Is using ethanol-glycine irrigating fluid monitoring and 'good surgical practice' enough to prevent harmful absorption during transurethral resection of the prostate?
- PMID: 16686720
- DOI: 10.1111/j.1464-410X.2006.06208.x
Is using ethanol-glycine irrigating fluid monitoring and 'good surgical practice' enough to prevent harmful absorption during transurethral resection of the prostate?
Abstract
Objective: To evaluate the utility of using a tracer of 1% ethanol in 1.5% glycine for the early detection of irrigation fluid absorption during transurethral resection of the prostate (TURP).

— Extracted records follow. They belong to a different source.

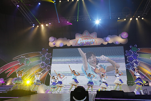まずは知らない人のためにAqoursについて紹介しておくと、彼女らはスクールアイドルプロジェクト『ラブライブ!サンシャイン!!』に登場する9人組のスクールアイドルグループで、初となる今回のワンマンライブには高海千歌役の伊波杏樹さん、桜内梨子役の逢田梨香子さん、松浦果南役の諏訪ななかさん、黒澤ダイヤ役の小宮有紗さん、渡辺 曜役の斉藤朱夏さん、津島善子役の小林愛香さん、国木田花丸役の高槻かなこさん、小原鞠莉役の鈴木愛奈さん、黒澤ルビィ役の降幡 愛さんの9人が出演。今回のライブでも圧倒的なパフォーマンスを見せ付けてくれた。
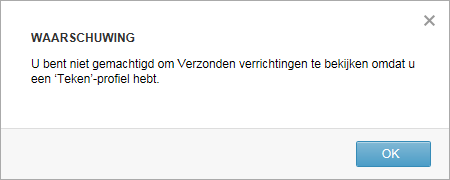 U krijgt de waarschuwing "U bent niet gemachtigd om Verzonden verrichtingen te bekijken omdat u een 'Teken'-profiel hebt".
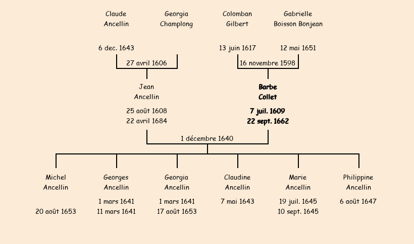 Mariée (31 ans) avec Jean Ancellin (32 ans) le 1 décembre 1640 à Fontcouverte ![]() |
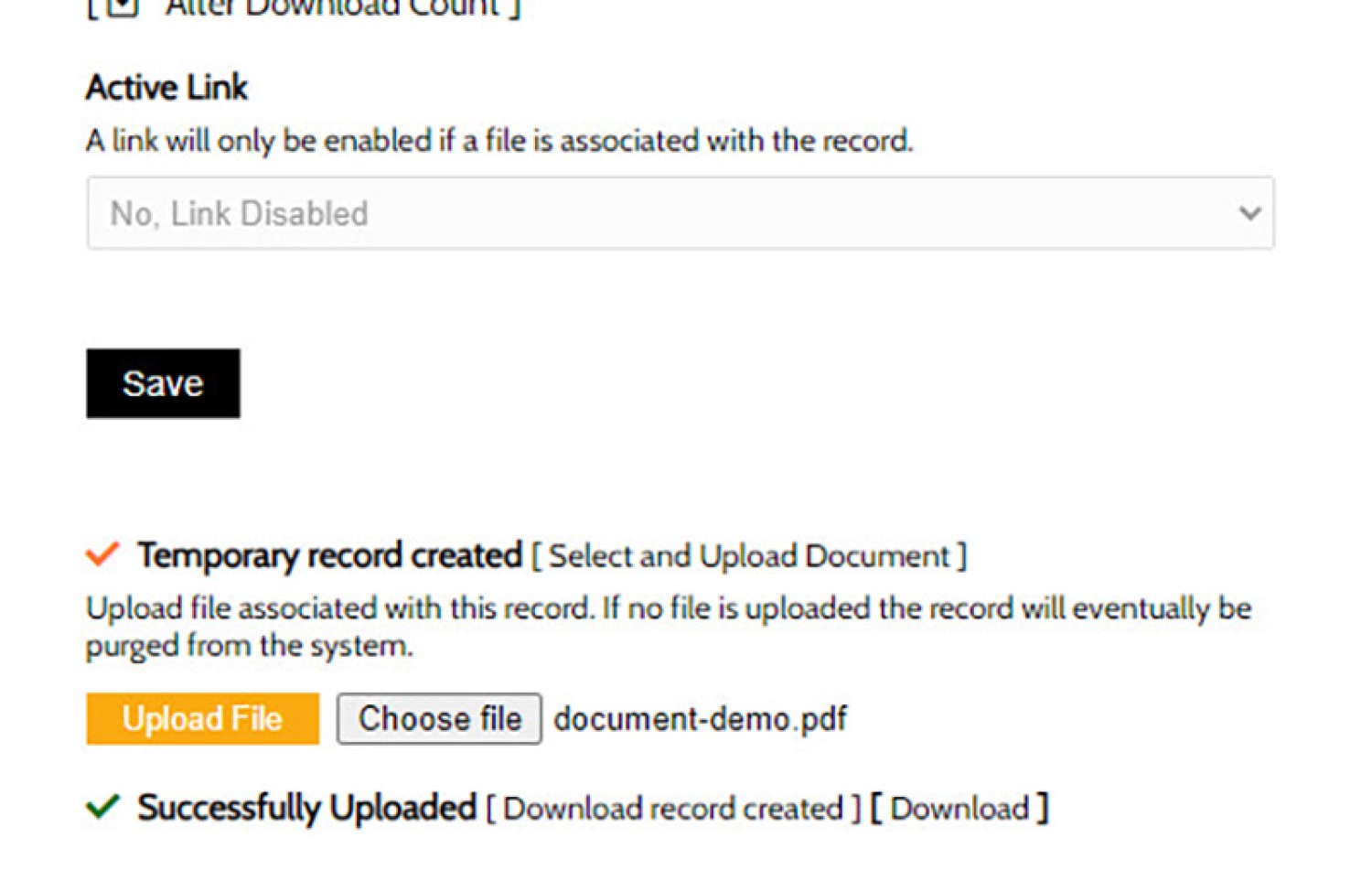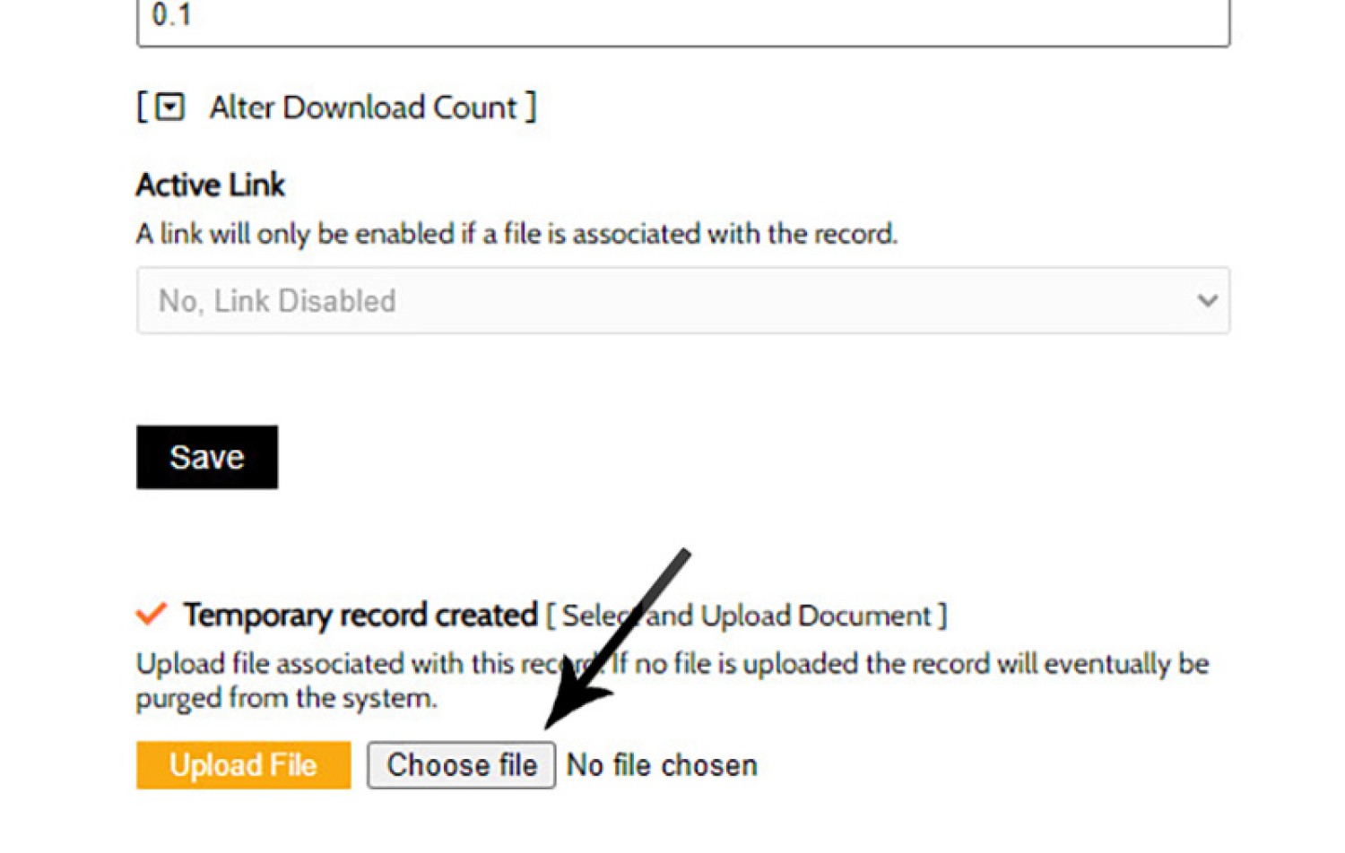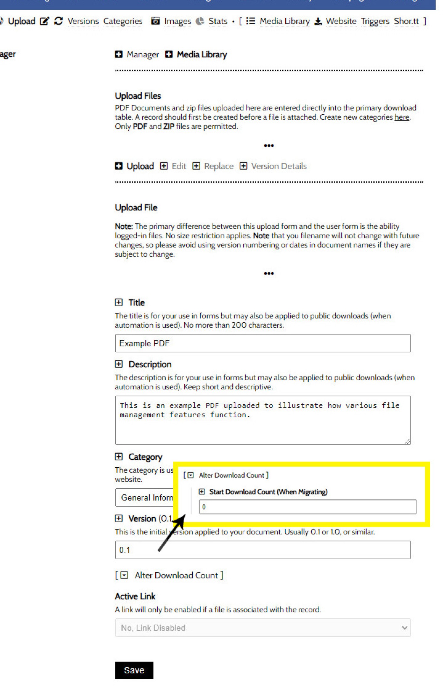 The first step is to create your download record via the 'Upload' panel. Populate the required fields. The method to create a Category is described shortly. If uploading a new file that already has a download history, you may update the 'Download Count' as required.
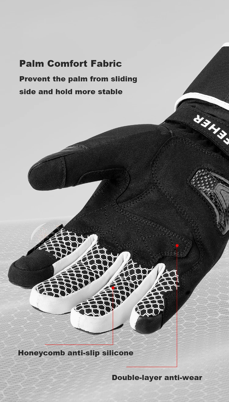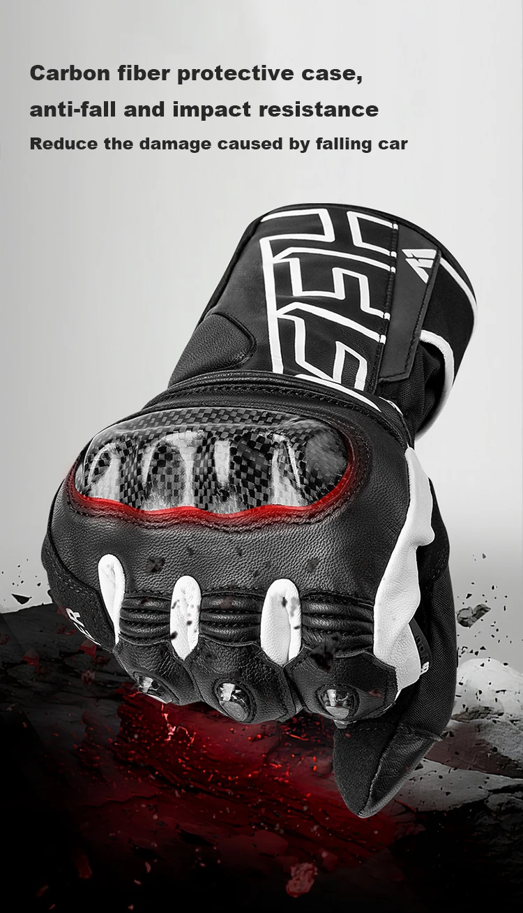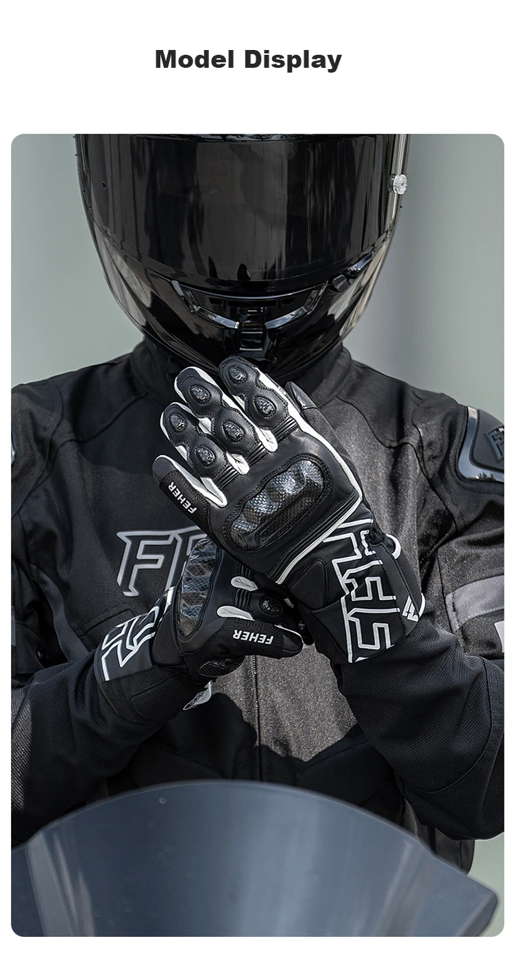 FEHER Winter Motorcycle Gloves Waterproof Touchscreen Leather Keep Warm Finger Joint Carbon Fiber Design Motorbike Riding Gloves
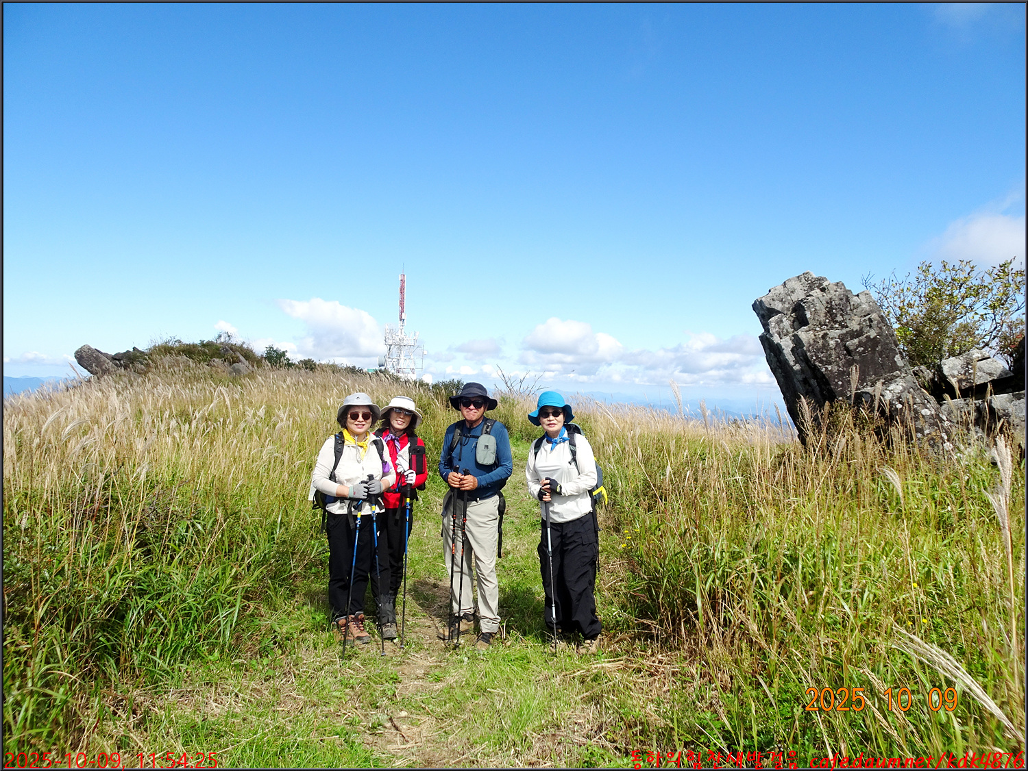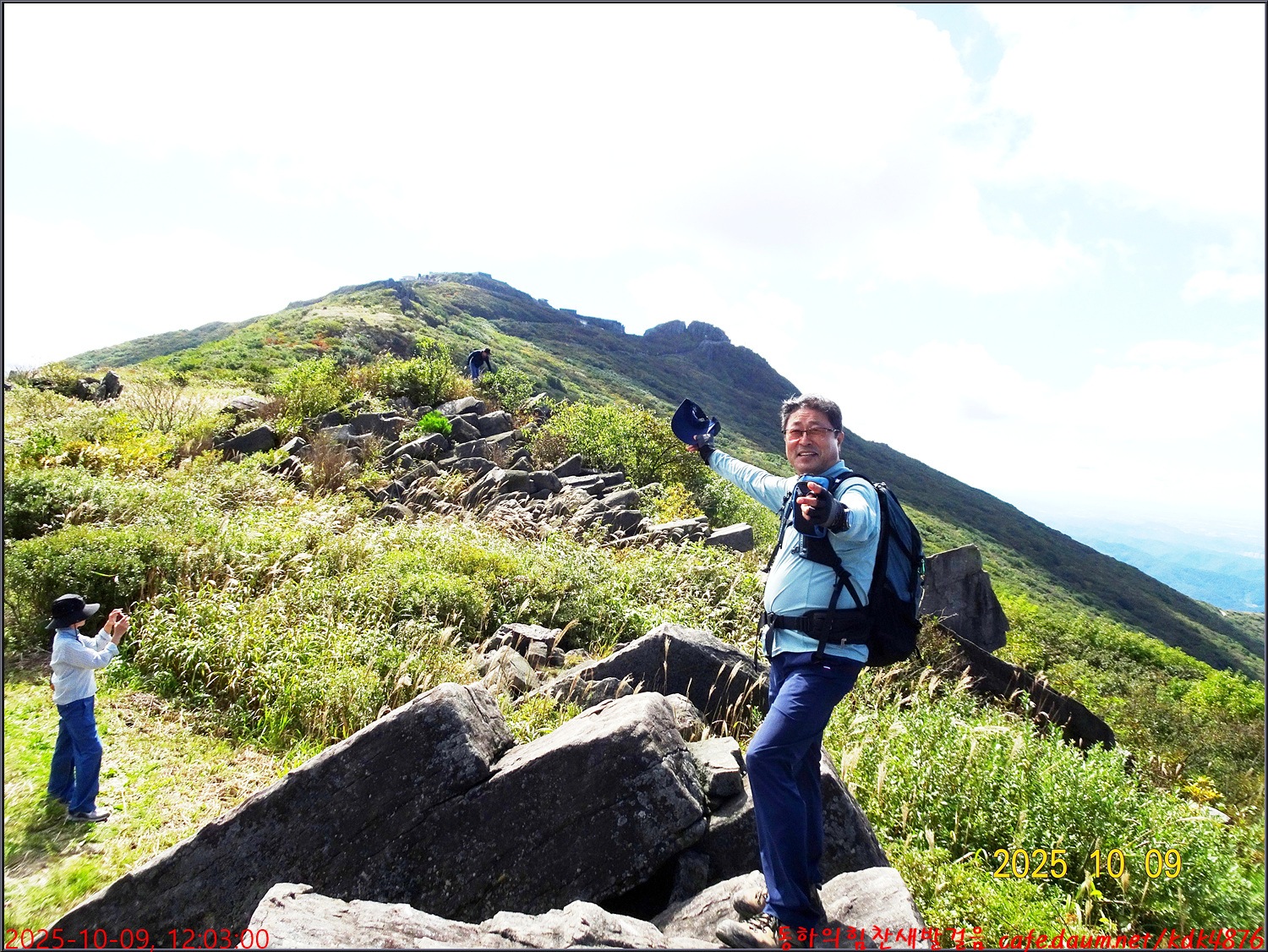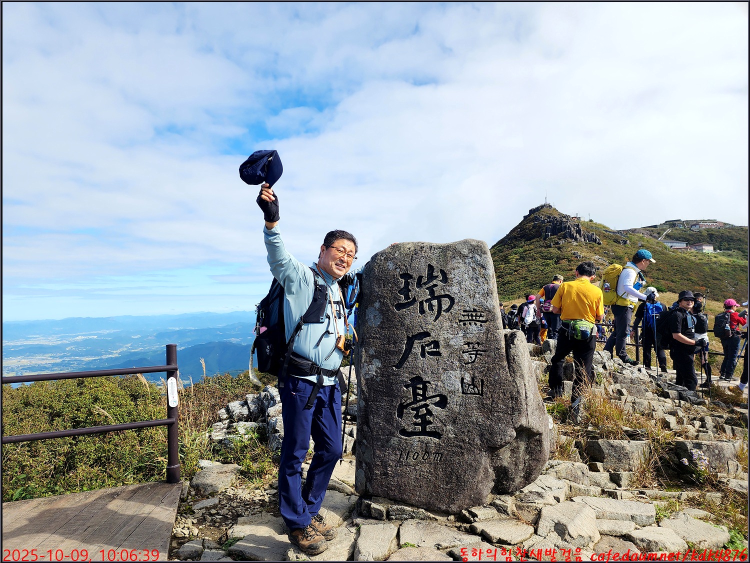 오늘은 추석연휴 마지막 날이자 2025년도 무등산 정상 개방행사의 날, 5명이 함께 무등산 산행을 하게 되고, 동하는 무등산 천왕봉 정상을 3년 만에 다시 찾게 된다. 원효분소에서 무등산옛길을 따라 산행을 시작하고, 부드러운 경사를 따라 물통거리를 통과하여 올라서면 원효계곡시원지의 물소리가 아주 시원스럽다. 목교에 도착하여 월출산을 찾아보니 아주 선명하게 조망되고, 급경사의 돌계단을 따라 서석대전망대에 도착하니 뜻밖에 강기정 광주시장을 만나며, 함께 기념사진을 촬영할 수 있다. 서석대 정상에서 천왕봉을 배경으로 인증을 하고, 천왕봉을 오르는 길 양쪽으로는 은빛물결의 억새꽃이 가을바람에 하늘거리며 신나게 춤을 춘다. 부대후문에서 신분증을 확인한 다음, 인왕봉정상을 먼저 오른다. 아주 쾌청한 날씨는 구름아래 드리운 중봉과 광주시가지를 아주 깨끗한 풍경으로 만들어주며 아름다움을 자랑한다. 지왕봉전망대에 도착, 천왕봉 방향은 사진촬영을 할 수가 없고, 광주시가지 방향만 촬영이 가능하다. 지왕봉 아래 넓은 마당에서는 역시나 지왕봉만 촬영이 가능하고, 환상적으로 펼쳐지는 지왕봉 주상절리의 아름다움을 배경으로 많은 흔적을 남긴다. 아쉬움을 두고 부대정문으로 빠져 나오며 신선바위가 올려다 보이는 곳 공터에서 맛난 점심을 해결하고, 누에봉으로 발걸음을 옮겨간다. 누에봉능선 또한 은빛 억새꽃물결이 천왕봉 지왕봉과 어울려 황홀한 춤사위를 선보인다. 누에봉의 누워있는 바위에서 나래를 펴며 흔적을 남기고, 지리산 방향의 산그리메를 감상하는데, 지리산능선은 아쉽게도 구름속으로 들어가버려 조망이 어렵다. 꼬막재를 지나 원효분소에 도착하며, 3년 만에 다시 탐방한 무등산 정상, 천왕봉 지왕봉 인왕봉 탐방을 즐겁고 행복한 시간으로 마무리한다.

Patients and methods: In all, 126 men undergoing TURP were irrigated with a solution of 1% ethanol and 1.5% glycine; their expired air was tested for ethanol every 20 min, and again at the end of the procedure. Maximum absorption by the breath-ethanol reading was compared with the serum concentration of absorbed glycine (analysed by anion-exchange chromatography).
Results: Complete data on 120 men were assessed; 75% of the men absorbed irrigation fluid, with glycine levels above the normal range. The sodium levels tended to decrease with increasing glycine levels (Spearman's rank correlation coefficient, - 0.57; 120 men) and five men (4%) developed clinical features of the TUR syndrome. There was a weak correlation between breath-ethanol levels and serum glycine levels (Spearman's rank correlation coefficient, 0.54). The experience of the surgeon, the weight of the resected chips, and the operative duration were not significantly predictive of irrigation fluid absorption.
Conclusions: A rising breath-ethanol level indicates irrigation fluid absorption. However, irrigating fluid absorption is unpredictable, supporting the case for alternative, potentially safer irrigants.